Cellulose as a Potential Feedstock for Cellulose Enzyme Production

  • Soni Tiwari
  • Tuhina Verma
Part of the Fungal Biology book series (FUNGBIO)


Cellulose is a rich natural biopolymer on earth, found as a chief component of plant cell wall in lignocellulosic form. Unlike other compounds cellulose is not easily soluble in water; therefore enzymatic conversion of cellulose has become a key technology for biodegradation of lignocellulosic materials. Microorganisms such as aerobic bacteria, fungi, yeast, and actinomycetes produce cellulase that degrades cellulose by hydrolyzing the β-1,4-glycosidic linkages of cellulose (Fig. 6.1). In contrast to aerobic bacteria, anaerobic bacteria lack the ability to effectively penetrate into the cellulosic material which leads to the development of complexed cellulase systems called cellulosome. Microbial cellulases have shown their potential application in various industries including pulp and paper, textile, laundry, biofuel production, food and feed industry, brewing, and agriculture.
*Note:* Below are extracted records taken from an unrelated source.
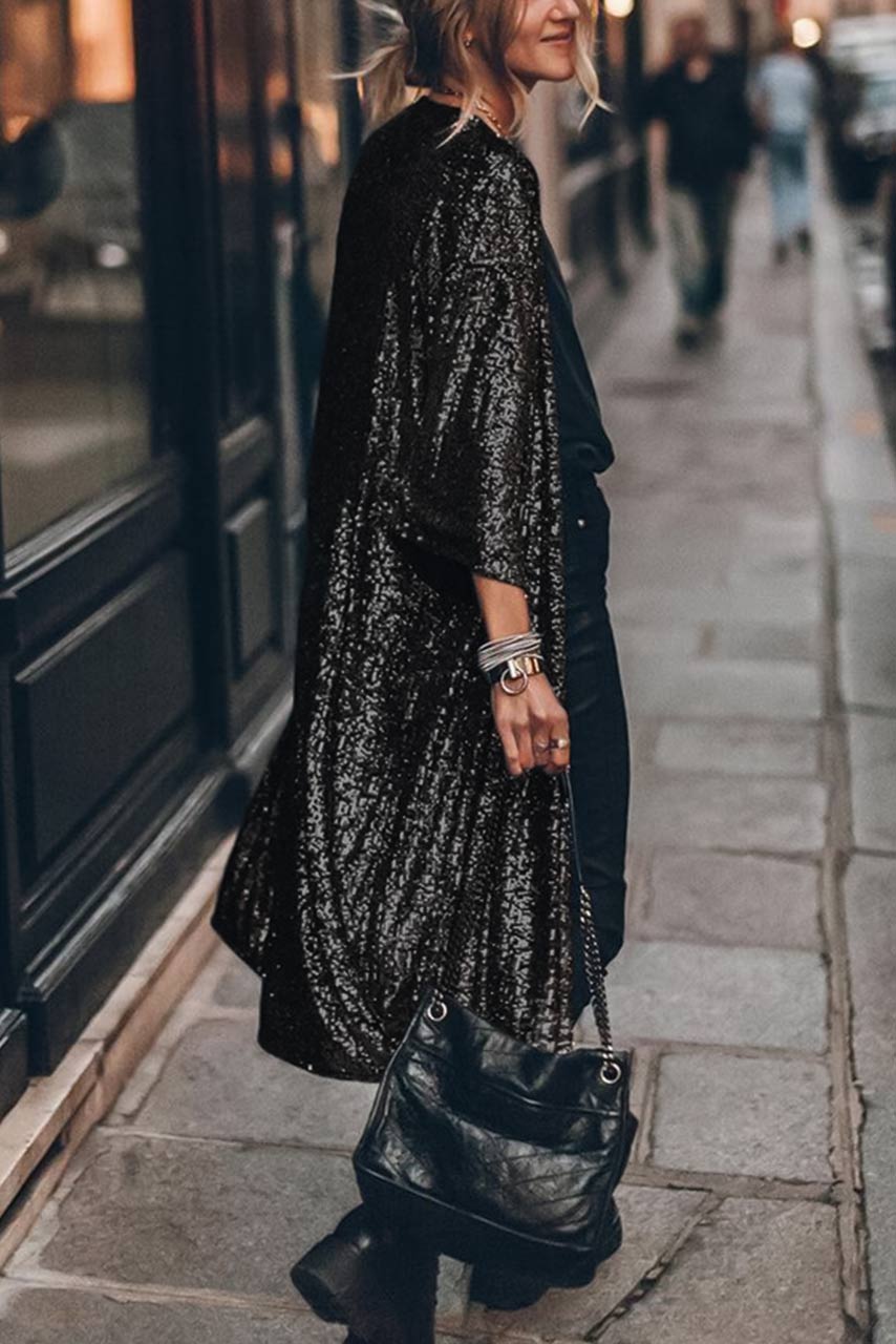 Kimono ζακέτα μακριά με παγιέτα all over.Είναι ένα λαμπερό και εντυπωσιακό κομμάτι απαραίτητο για τις γιορτές.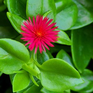 ベビーサンローズ💠 別名 ハナツルソウ ハマミズナ科 🏷️真っ赤な火曜日 🏷️真っ赤な花 🏷️あっ火曜日 🏷️可愛い~♡ 肉厚の葉っぱ🌿 みずみずしいです♡♡♡ 真っ赤な花はマツバギクを小さくした花 可愛い😊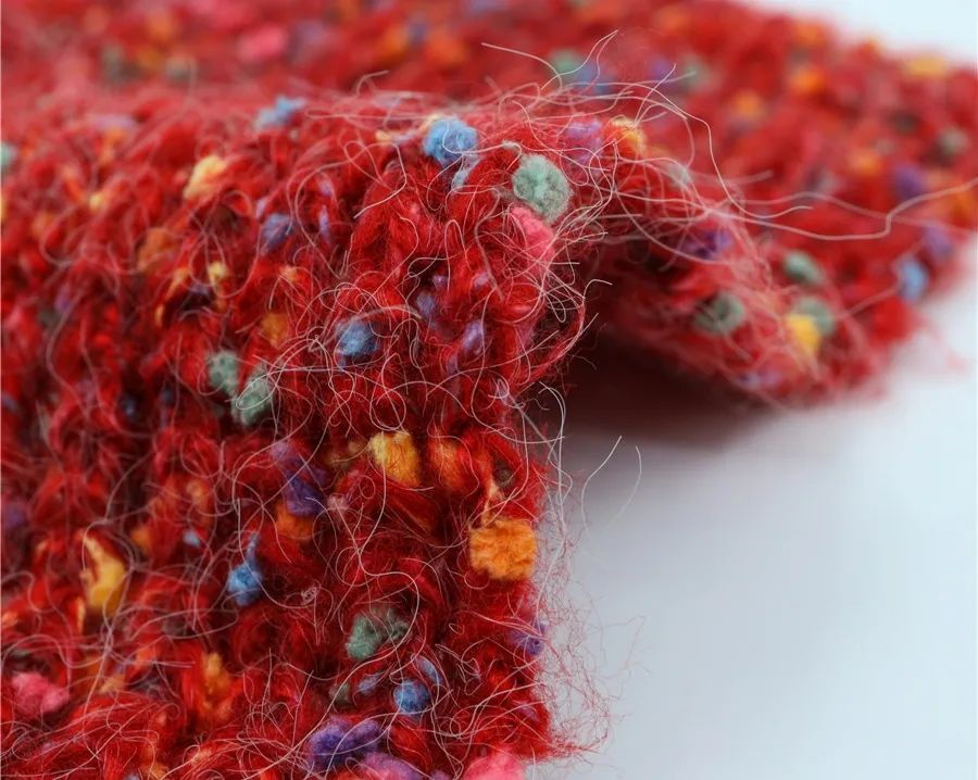 花式纱的类型越来越多花样,各自都是有自己独有的外形,面料富有弹性,手感丰厚。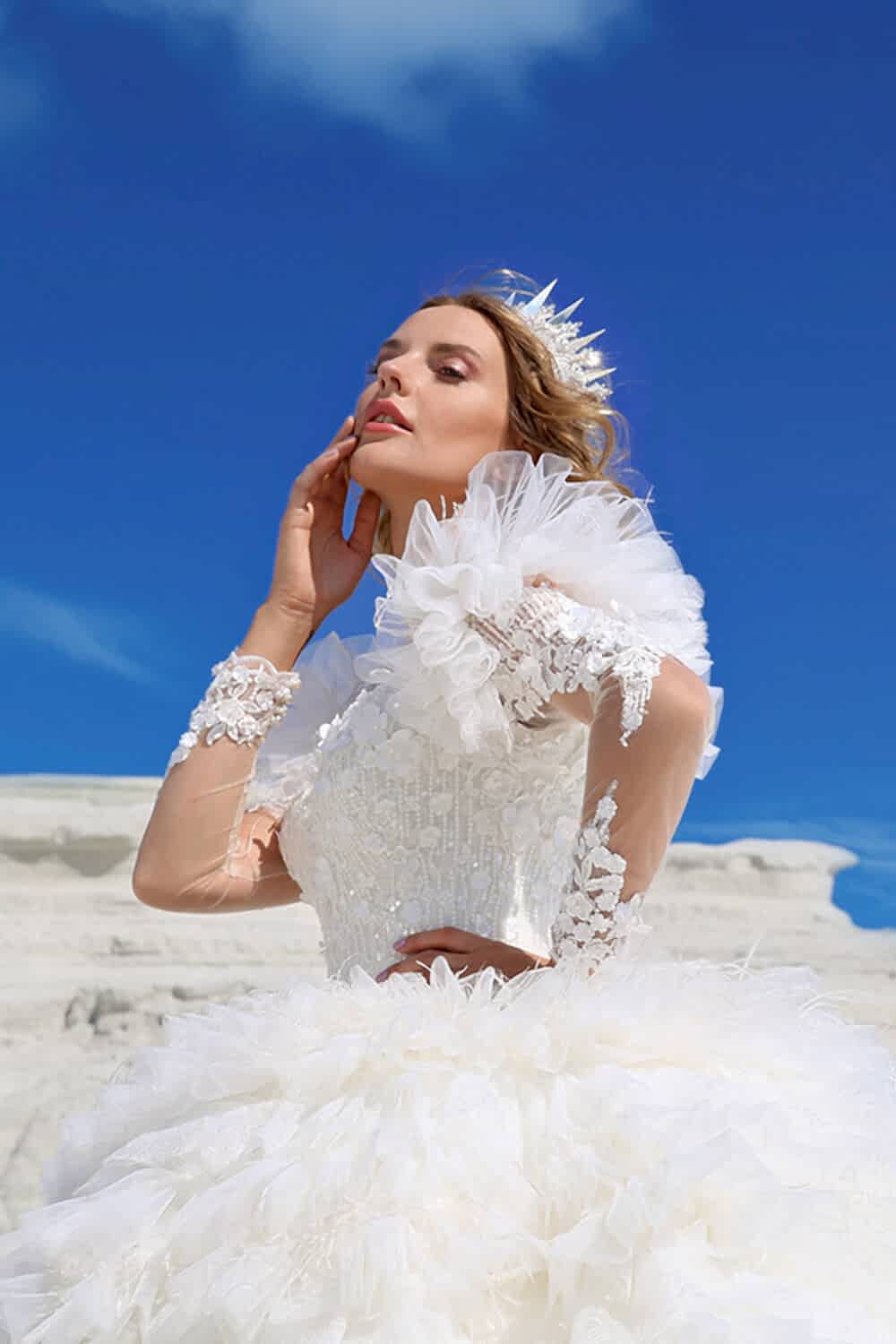 Omuz Detaylı V Yaka Transparan Kol Kat Kat Prenses Gelinlik:27+ yıllık tecrübemiz ve binlerce model zarafetiyle, her detayda özen ve ustalık barındıran bu eşsiz tasarım, ölçülerinize özel işçilikle hayalinizdeki anlara eşlik ediyor. Müşteri desteğimiz ve taksitli ödeme kolaylıklarımızla, A’dan Z’ye kusursuz bir deneyim Yeşim Gelinlik’te sizleri bekliyor!

Due to the complexity of enzyme system and immense industrial potential, cellulases have been a potential candidate for research by both the academic and industrial research groups. Nowadays, significant attentions have been devoted to the current knowledge of cellulase production and the challenges in cellulase research especially in the direction of improving the process economics of various industries.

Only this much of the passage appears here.